Keita is a town and commune in Niger. It is the capital of the Keita Department, within the Tahoua Region, and has an urban population of 10,631 as of 2012.

==Geography==
Keita is located 600 km north-east of the national capital, Niamey. The town is in the semi-arid Sahel, and is threatened by famine. Keita is divided into the districts of Idewaran, Lissawan and Moulela.

==History==
Keita became the chef-lieu of the eponymous canton in 1913. In 1917, Tuareg insurgents based in Italian-occupied Libya attacked and plundered the city, killing several people including canton chief Afadandan Ichawa. The attack led to a successful counter-offensive of the French. In the late 1940s and early 1950s, Keita developed a rising number of inhabitants and transformed from a village to a small town. Keita became the prefecture seat in 1964.

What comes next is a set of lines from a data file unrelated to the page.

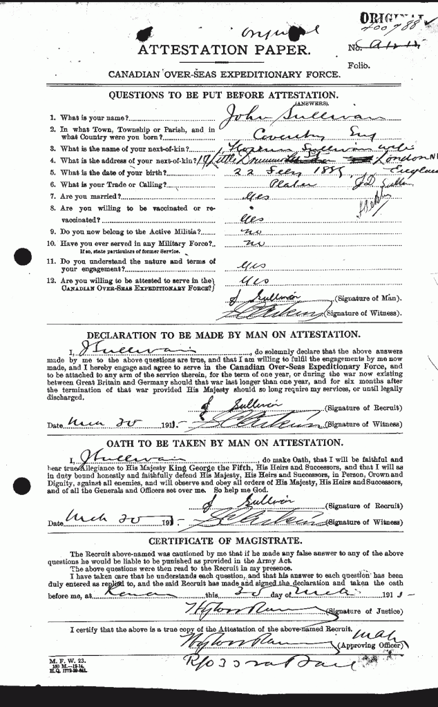 This soldier demobilized in England. Last known address was 19 Little Drummond Street, Euston Square, NW1.
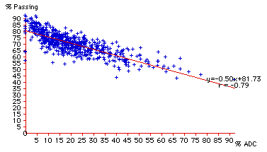Statistically speaking the inverse correlation between the percent ADC and the percent passing is extremely high. ADC is used as a measure of poverty where the fewer receiving ADC, indicates the greater the wealth of the community. So in this sense, we find one strong indication that economic condition of the family of the student is a strong predictor of whether or not the student will pass the Proficiency Test. The coefficient of determination for this regression analysis is 0 .62, extremely high and suggestive of ADC conditions being very significant in affecting how students in a given district score on the tests.
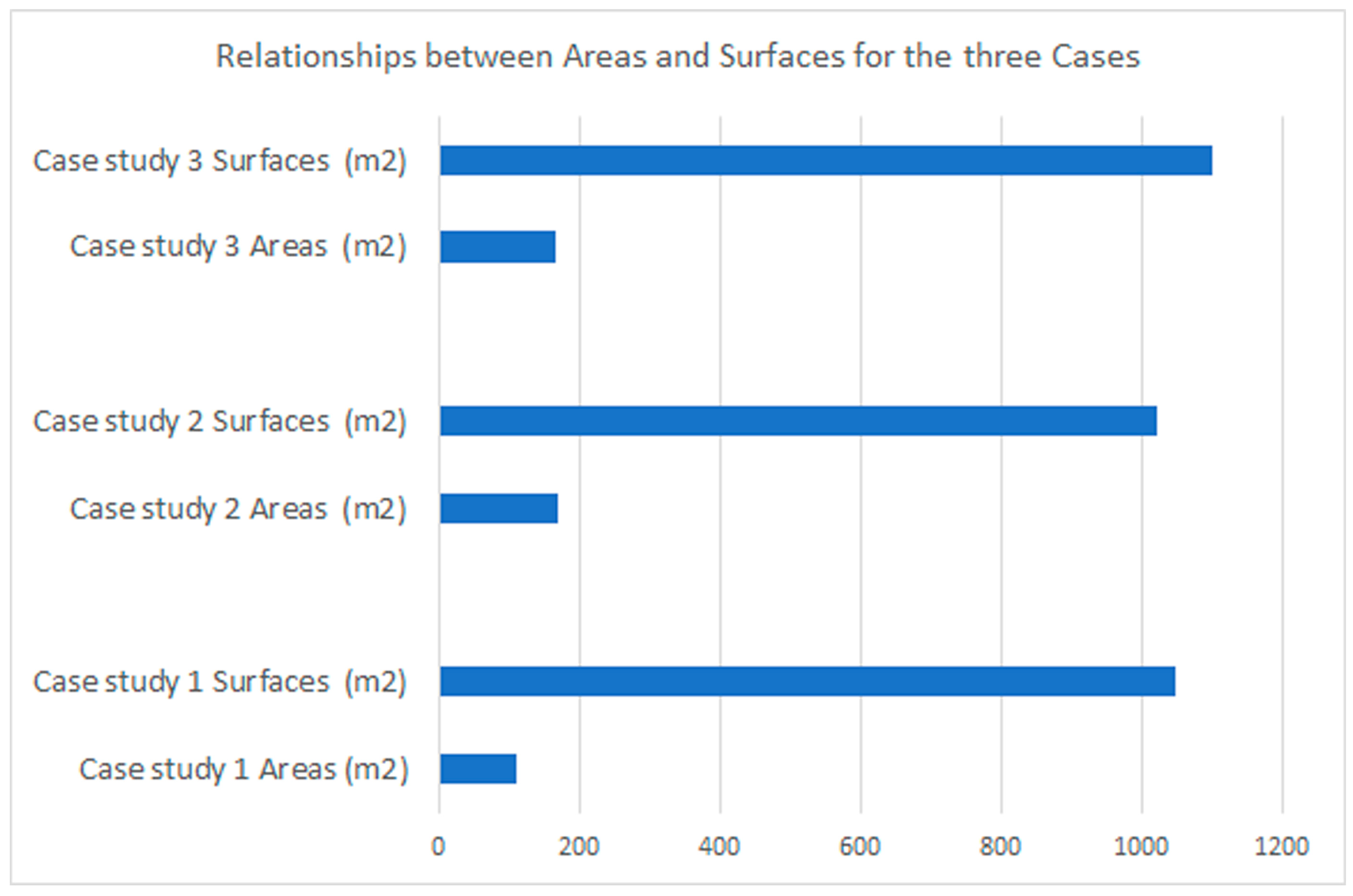 Supplementary S4. In cases 2 and 3, which have areas that are similar, case 3’s 7.62% larger surfaces led to less energy reduction. Case study 3 achieved 26.94%, while case study 2 achieved 34.81%. Case study 1 achieved the largest percentage of energy reduction, 48.39%, while having the smallest area.
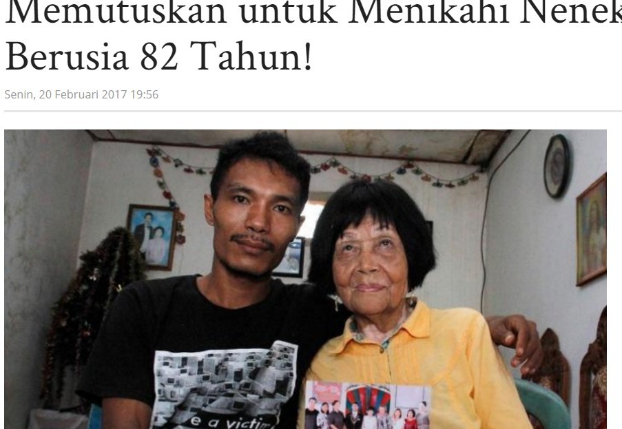 印尼28歲修車工人蘇菲揚(Sofian Loho Dandel)因為一通撥錯的電話,意外與82歲的阿婆瑪莎(Martha Potu)搭上線,兩人雖然彼此不認識卻熱線了1小時,從此陷入愛河時常戶打電話聊天。雖然見了面,蘇菲揚坦承有被對方的年紀嚇到,但最後真愛仍然克服阻礙,兩人於上周舉行了婚禮。
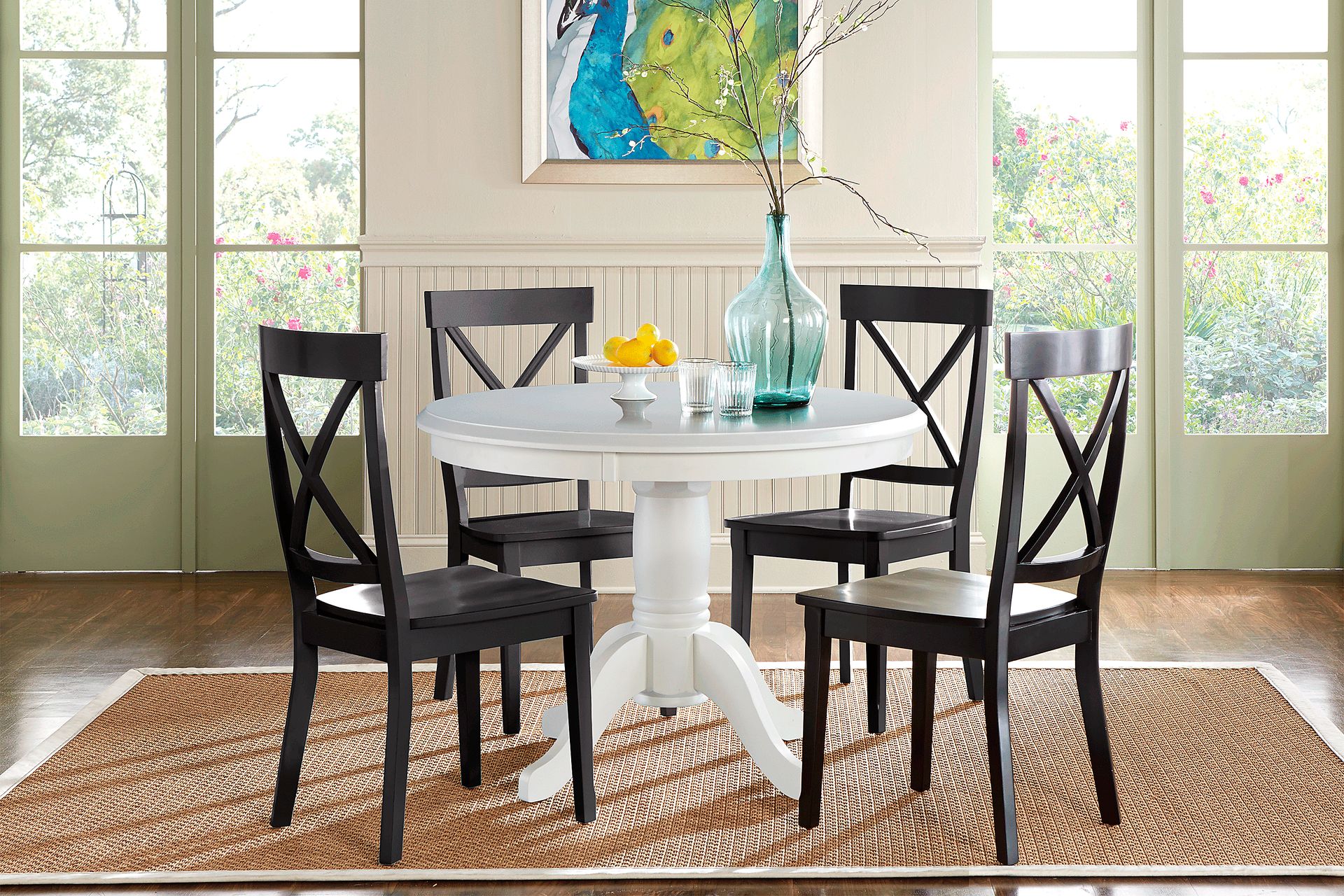 The charming country cottage style of the Brynwood dining set makes it a welcoming choice for any dining area. Crafted of wood solids, the table features a fresh white finish and an attractive X-backed set of black chairs with a rustic touch. A pedestal table base gives this set a chic, timeless appeal that will look great for years to come.
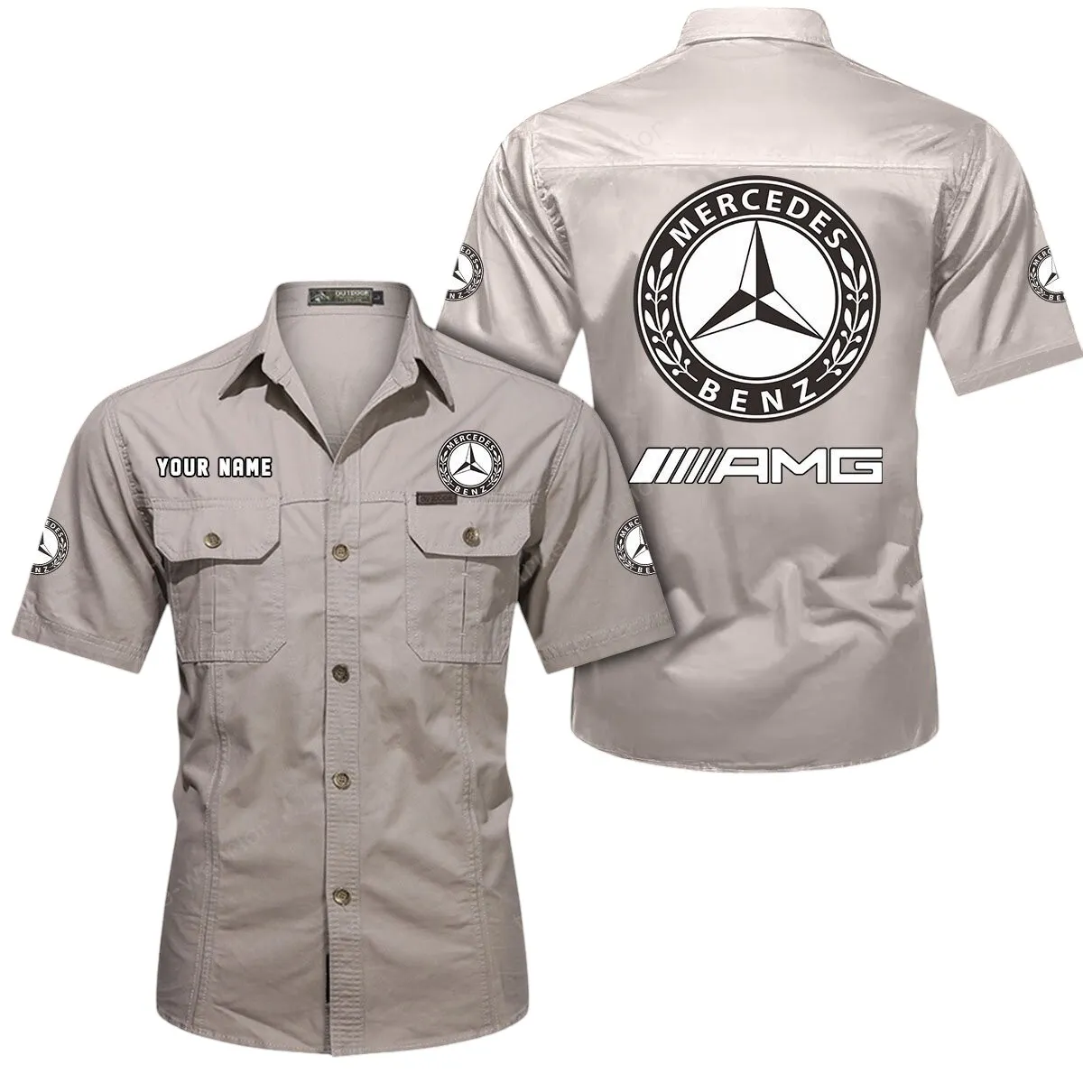 Mercedes AMG Short Sleeved Shirt, All Over Print Button Shirt CAR444052625874 - Khaki
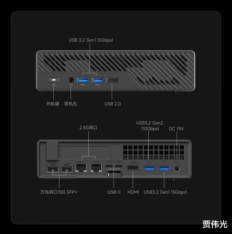 因为常常需要和众多数码设备打交道,因此对接口的需求非常大,普通迷你主机接口不够丰富,要用的时候还得外接扩展,在实用性上大打折扣。这款主机除了电源键旁边的接口,在机身背后则有更加丰富的接口,其中包含了2个万兆网口、2个2.5G网口、2个USB-C接口、1个HDMI接口、1个USB3.2Gen2接口、1哥USB3.2Gen1接口以及19V的电源线接口,丰富的配置除了满足日常使用需要之外,每次拍摄完成,一边往NAS或者移动硬盘备份素材,一边从存储卡导入到电脑,都可以很方便操作,而无需先导入到电脑、再拔下读卡器,换上备份设备进行备份,虽然这是个小小的操作,但是长时间下来,可是节省了许多没必要浪费的精力。

By the early 1980s, clear signs of desertification had begun. As a result, a development plan was signed in December 1983 that stressed sustainable long-term development of resources. The "Keita Project" was a 16-year plan that led to digging wells and the drilling of boreholes for irrigation of crops and for drinking water. Trees were planted to prevent soil erosion and promote agriculture. From 1984 to 1990, nearly 3,000 ha of land was "reclaimed" and 100 km of rural roads were built, requiring heavy labor from the inhabitants of the town.

==Demographics==
In the 1977 census, the population of Keita was measured to be 3,572. By 1988, its population had increased to 6,644. In the 2001 census, the population of Keita was 8,633. It increased to 10,631 as of 2012. The town is a center of Tuareg people, who have migrated from surrounding areas. According to a study in 1988, 10.9 percent of the population is permanent migrants, with 8.5 percent being seasonal migrants.

==Economy and infrastructure==
Agriculture is the main occupation in Keita, and a nearby pond (currently dry) facilitated the growth of garden crops and millet. Although Tamaske is a bigger center of commerce in the region, Keita has some artisanal production. Ironworking is practiced, as was mining until the end of the colonial period.

There is a bus station in the town. Keita has a limited amount of electricity. A community radio station with a transmitter of 150 W was established in Keita in 1998. Keita is the site of a civil court. One of the biggest infrastructural problems in the city is the extremely poor medical care. In addition, 46% of the population has no access to clean drinking water.

==Notable people==
Former foreign minister of Niger Aïchatou Boulama Kané was born in Keita in 1955.

==Twin towns==
Pesaro, Italy is twinned with Keita, in the initiative of the Italian development firm that operates in Keita.